▶ Stored data
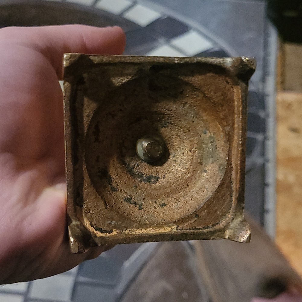 These brass taper candle holders are a set of 2 with a square base, perfect for any room. Made of brass and featuring a gold color, they are suitable for taper candles and suitable for all occasions. The elegant design and time period manufactured between 1900-1949 give them a touch of vintage charm. Ideal for adults looking to add a touch of style to their decor.
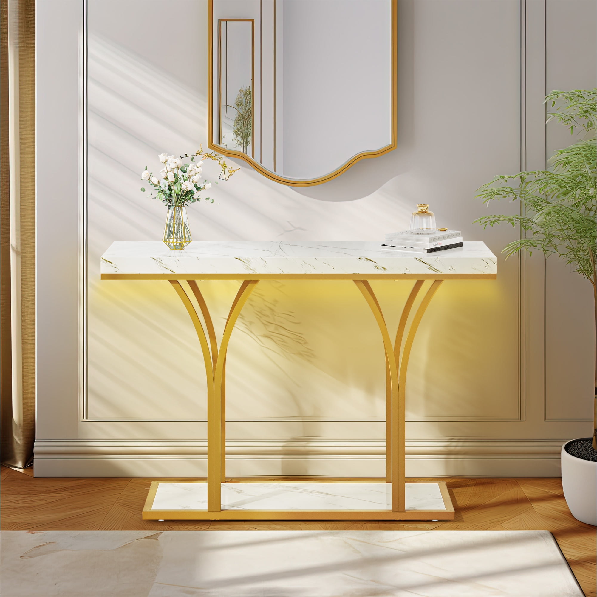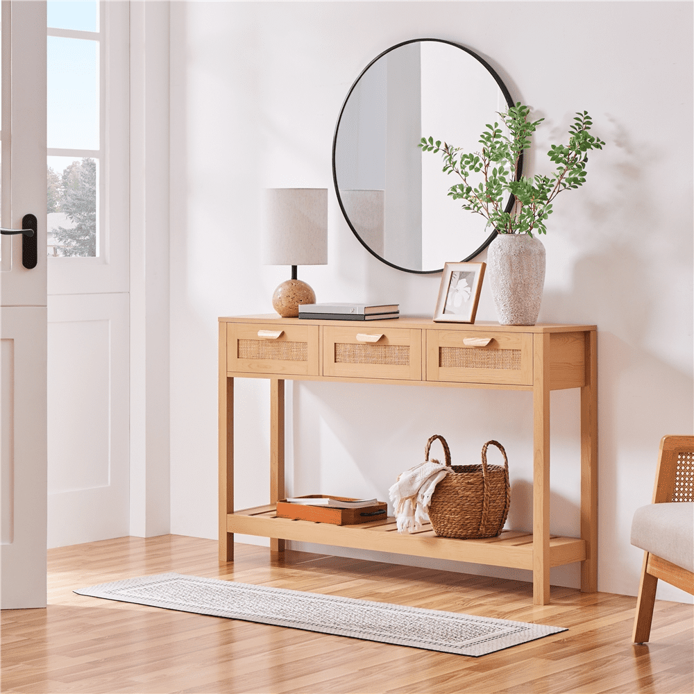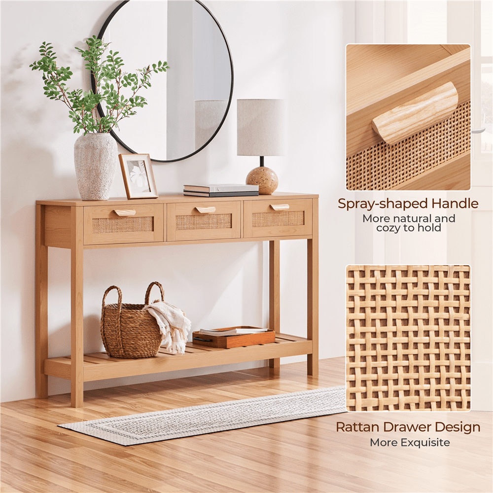 Alden Design 3 Drawer Rattan Dotted Console Table with Bottom Shelf, Light Brown: Color: Light Brown Materials: MDF, Particle Board, White Ash Wood Overall Dimension: 51.5″L × 12″W × 21″H Each Drawer: 13.7″L × 9.4″D × 3.7″H Bottom Shelf: 48.2″L × 11.6″W × 18.2″H Max Weight Capacity: tabletop: 55 lb each drawer: 6.2 lb bottom shelf: 24.3 lb Item Weight: 54.2 lb Shipping Weight: 61.6 lb Open & Closed Storage Smooth Drawer Slides
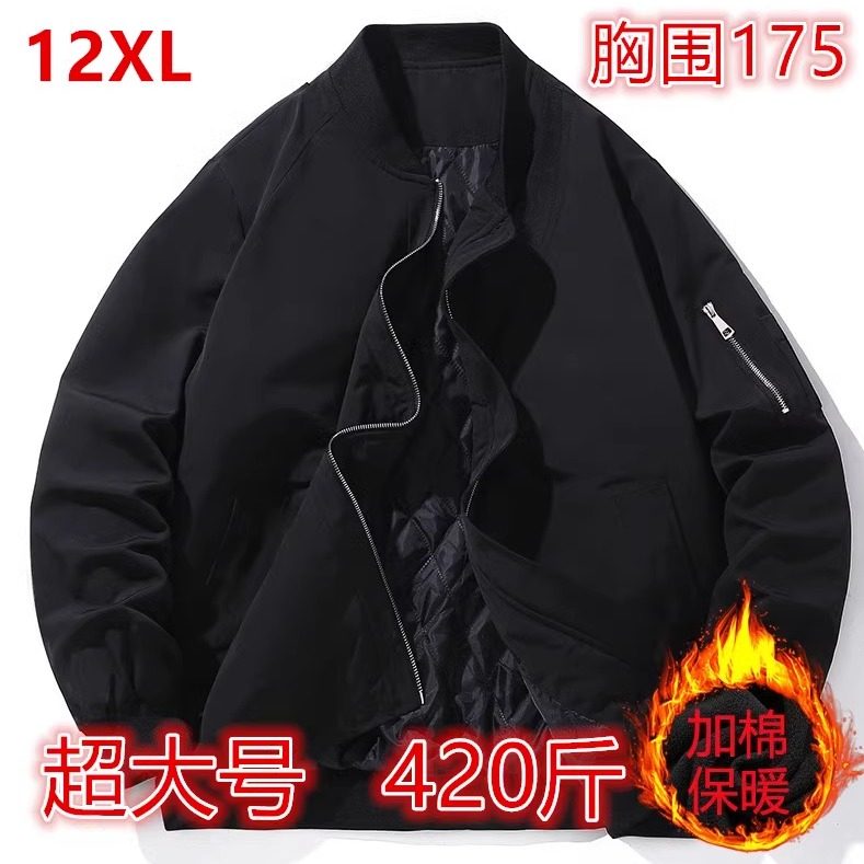 400斤大码男装美式飞行员加绒加厚外套男潮牌棒球领机车夹克衫300
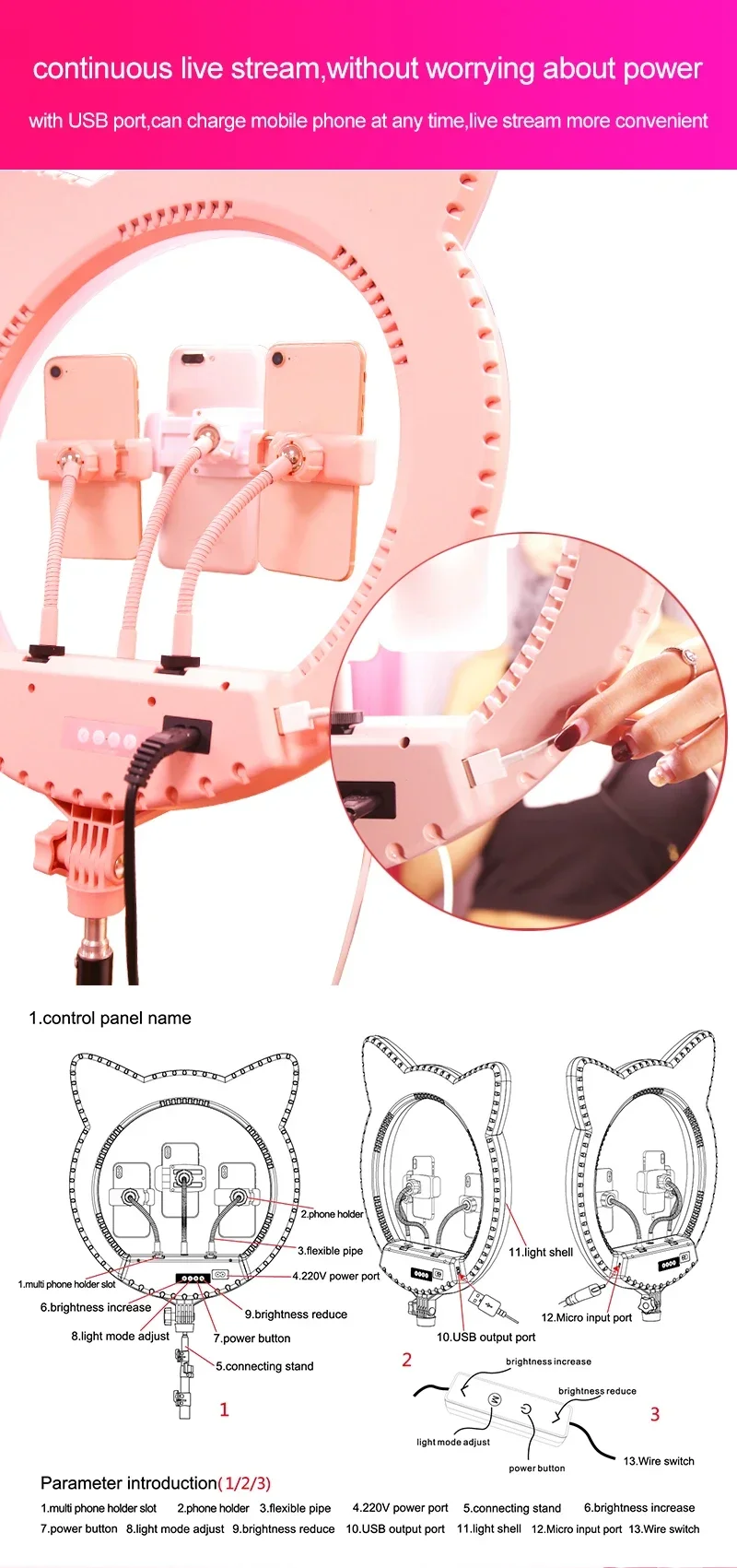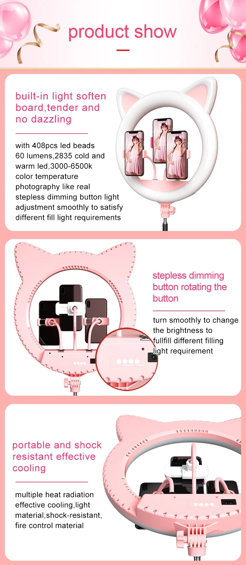 | product name | cat ear shape 20 inch ring light |

▶ Problem description
Give back word for word the lines from the one containing "Alden Design 3" through the final line of the data above. Pictures are to be left out.

▶ Task output
 Alden Design 3 Drawer Rattan Dotted Console Table with Bottom Shelf, Light Brown: Color: Light Brown Materials: MDF, Particle Board, White Ash Wood Overall Dimension: 51.5″L × 12″W × 21″H Each Drawer: 13.7″L × 9.4″D × 3.7″H Bottom Shelf: 48.2″L × 11.6″W × 18.2″H Max Weight Capacity: tabletop: 55 lb each drawer: 6.2 lb bottom shelf: 24.3 lb Item Weight: 54.2 lb Shipping Weight: 61.6 lb Open & Closed Storage Smooth Drawer Slides
 400斤大码男装美式飞行员加绒加厚外套男潮牌棒球领机车夹克衫300
 | product name | cat ear shape 20 inch ring light |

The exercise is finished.